19 March 2008

Back to the future

My friend Phil pointed me towards a story of astonishing magnitude that, amid all the hurly-burly of stock market plunges and ex-Beatles divorces, seems to have slipped through the general consciousness: an experiment scheduled for this summer at CERN – the particle accelerator in Switzerland – will attempt to send an atom several thousand years into the future, in the first steps towards time-travel (story here). I’m not quite sure how they will verify that the experiment has succeeded, bar waiting around for a few millennia to catch up with their atom, but it opens up exciting possibilities.
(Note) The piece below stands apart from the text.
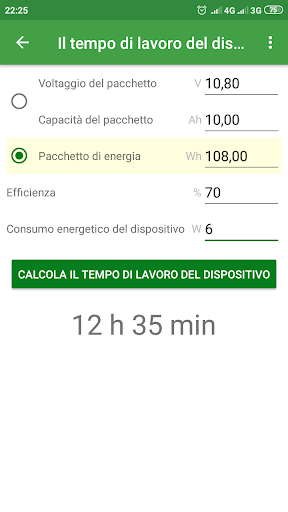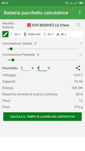 L'applicazione semplifica (per gli appassionati di bricolage e i professionisti dell'elettronica ) calcolare i parametri degli ioni di litio o di altri pacchi batteria.

According to the Daily Telegraph: "The debut in early summer could provide a landmark because travelling into the past is only possible - if it is possible at all - as far back as the point of creation of the first time machine." In other words, if this experiment does, ultimately, lead to the creation of a working time machine in the future, the resultant time travellers could be amongst us as soon as July.

So if you catch sight of a DeLorean leaving fiery-tracks in the road, it might not be the local joy-riders earning their next ASBOs. (And if you don’t understand that reference, the only time-machine you need is a beta-max video to take you back to 1985, when time-travelling was just about the coolest mischief a kid could get up to.)

1 comment:

Phil Woodford said...

One popular theme in science fiction is the creation of some kind of temporal police force that seeks out anomalies and seeks to correct them. If such a body exists at any point in the future, one can only assume that they will have a particular interest in preventing the CERN experiment, which threatens the laws of causality and a rupture in the space-time continuum. I wonder if we'll find that the experiment never works because of continual sabotage by timecops?